Shares of the world's largest retailer fell 3 percent to $69.75 after trading at its lowest in 2-1/2 years.

The results showed how a move to lift wages and other costs have kept Wal-Mart from taking full advantage of a strengthening U.S. economy, although there was a bright spot in its report: a fourth straight quarter of same-store sales growth.
And before that, May 19, 2015, in Forbes:
As expected, Walmart’s first-quarter earnings were below analysts’ projections. A kitchen sink’s worth of reasons were cited for the miss: the strong dollar, employee wage increases, consumer wallet tightening, lower gas prices, and weakness in its e-commerce business.

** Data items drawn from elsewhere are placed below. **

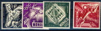 Poste aérienne Ref#[2033] Merson 2F orange et vert-bleu surchargé du salon internationnal de la poste aérienne à Marseille, variété du timbre support écusson cassé. Quelques rousseurs sur des dents en haut, mais timbre rare. bon centrage.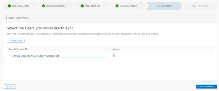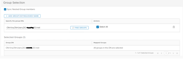 - Specify the group DN to sync with vIDM, vRA and click on Find Group. Search & select the group you wish to sync and click on Save and Next.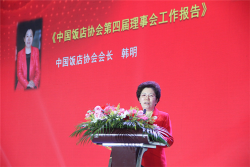 韓明會長做《中國飯店協會第四屆理事會工作報告》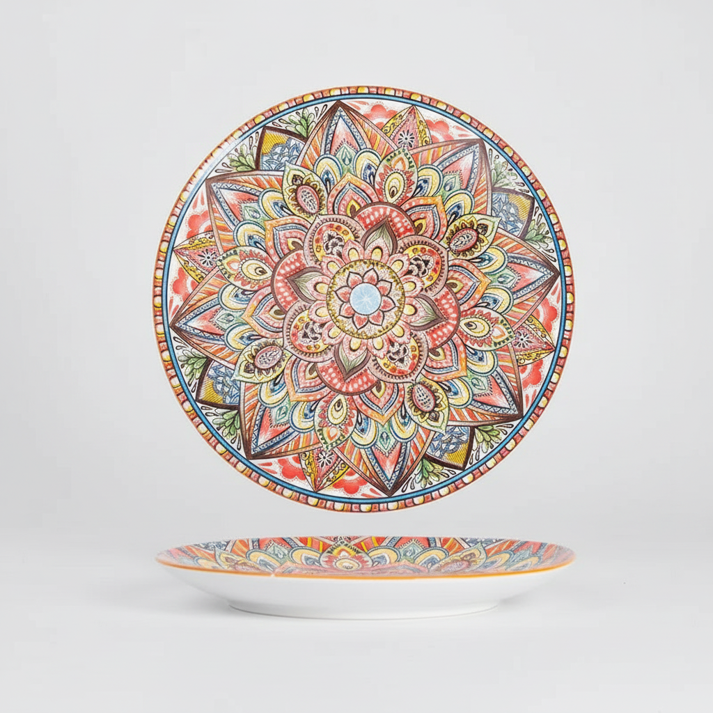 O Prato Raso Bohemian destaca-se pelo seu design mandala vibrante, que une o espírito boémio à sofisticação da cerâmica artesanal. Ideal para entradas, pratos principais ou para decorar a mesa com um toque artístico.
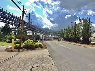 After crossing the bridge, bear right onto Pike Street.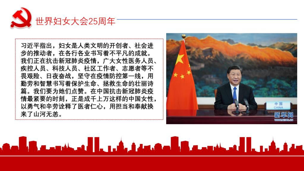 接下来,刘偲同志带领大家学习了习近平总书记纪念北京世界妇女大会25周年高级别会议讲话。随着妇女地位的提高,“半边天”作用日益彰显。习近平总书记提出4点主张:1、帮助妇女摆脱疫情影响;2、让性别平等落到实处;3、推动妇女走在时代前列;4、加强全球妇女事业合作。妇女是人类文明的开创者、社会进步的推动者,在各行各业书写着不平凡的成就。我们正在抗击新冠肺炎疫情,广大女性医务人员、疾控人员、科技人员、社区工作者、志愿者等不畏艰险、日夜奋战,坚守在疫情防控第一线,用勤劳和智慧书写着保护生命、拯救生命的壮丽诗篇。在中国抗击新冠肺炎疫情最紧要的时刻,正是成千上万这样的中国女性,以勇气和辛劳诠释了医者仁心,用担当和奉献换来了山河无恙。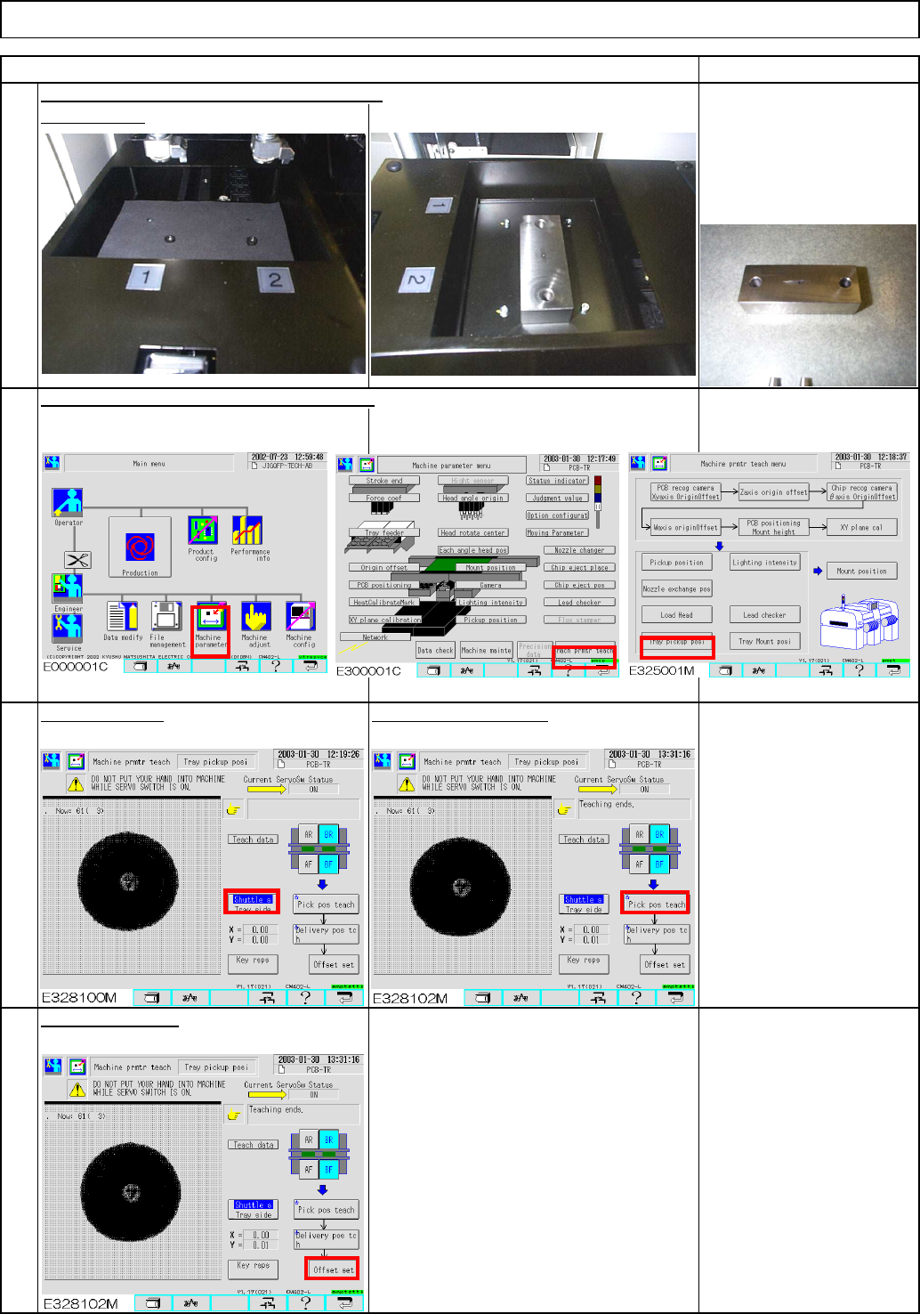 Carry out the machine parameter teaching.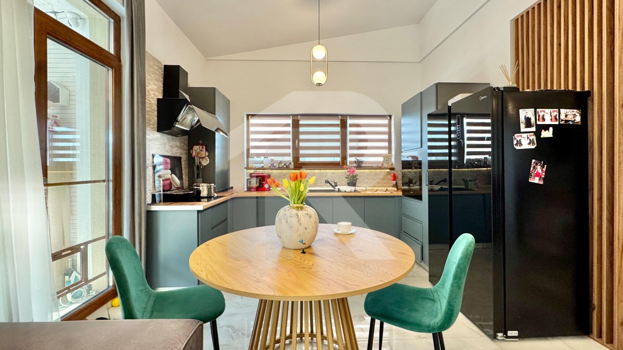 Dispune de 4 camere la care se adauga o terasa inchisa in sticla. Incalzirea se realizeaza prin pardoseala cu ajutorul unei centrale termice prin condensare.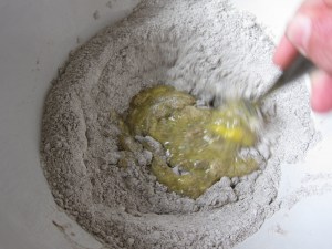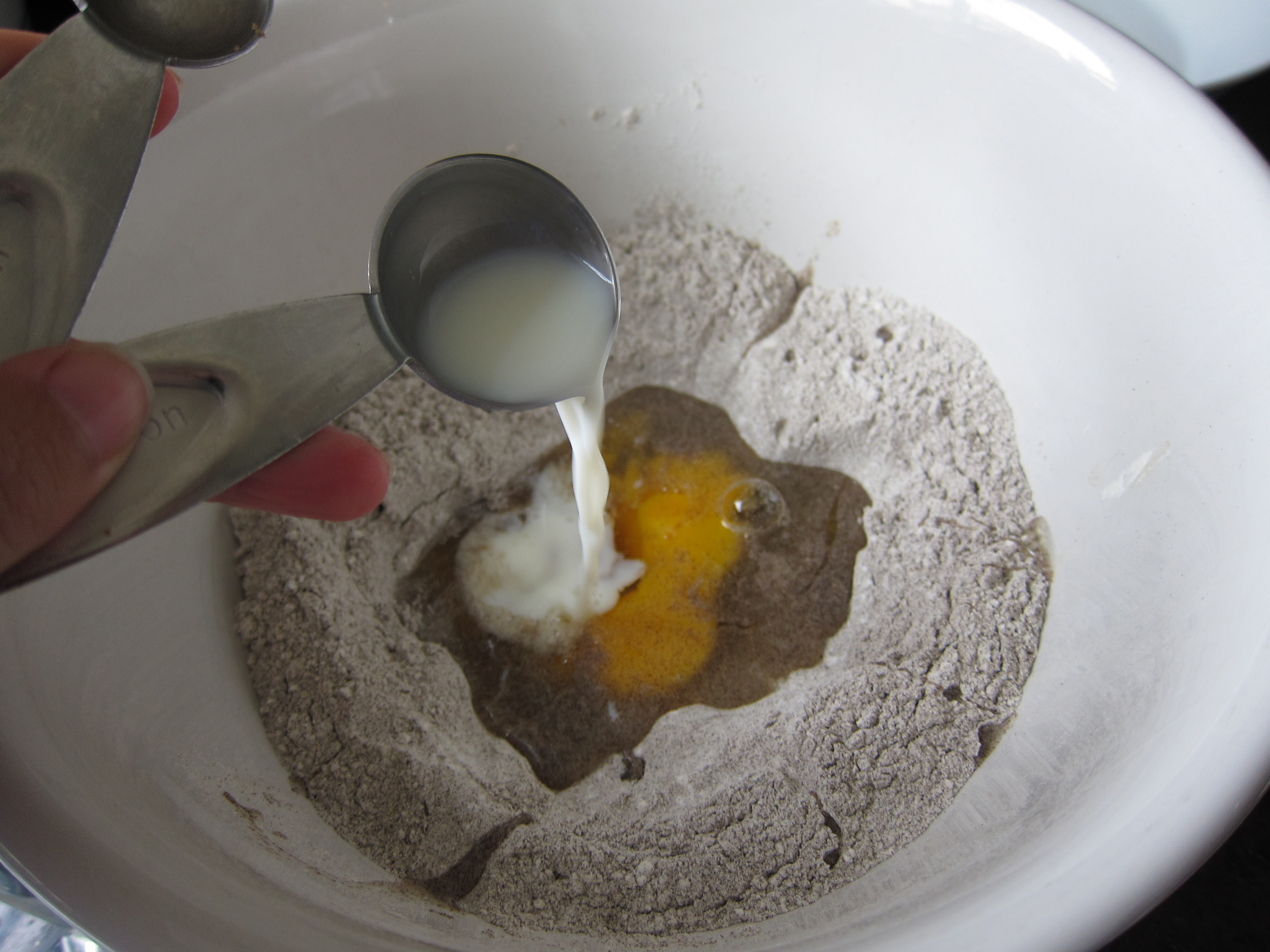 Combine 1 1/2 cups buckwheat and 1 cup all-purpose flour in a bowl. Add three eggs and one tablespoon of milk.

The truth is a lot simpler – Walmart has a sales problem. The company brought in essentially flat sales numbers at stores open at least a year (called comparable sales in the retail industry), reporting an anemic 1 percent increase. This is not a new story. Back in November 2014, the company announced its first quarter of positive comparable sales (a still weak .5 percent in the US) after seven straight quarters of declines. It should be noted that back then, the exchange rate was also cited as an earnings dampener, even though the company’s earnings were actually above analyst estimates.

What’s the cause of Walmart’s sales problem? It’s not all that complicated, really. Walmart continues to operate in a saturated market. Some competitors like Target have more cachet. Others, like dollar stores, continue to nip at the edges of its market basket. Its customer doesn’t seem to have an appetite to move online, and until now, the company hasn’t created any compelling reason for on-line shoppers to pick over or any other retailer, really. That’s what happens when your market is saturated. You have nowhere to go.
Today, at USA Today:
Walmart shares plunged to their lowest one-day drop in nearly three decades Wednesday after the U.S. retailing giant jolted financial markets by forecasting a 6% to 12% earnings drop in fiscal year 2017.

Shares of the Bentonville, Ark. company dropped 10.04% or $6.70 to close at $60.03 on the startling news Walmart executives delivered at the company's annual investors conference with Wall Street analysts, held in New York City.
My comments:
  • will be a losing proposition for Walmart
  • one wonders if Walmart needs to get back to its niche: small-town America; avoid major urban areas; nothing but controversy, problems, and retail saturation in major urban areas
I always thought the small, neighborhood Walmart stores would thrive, but I was completely wrong. I've only seen one and it's about four miles from where we live. We visit it only when having sushi at "Cow Town" next door. It's a clean, modern store. And there are never more than three customers in the store when we visit.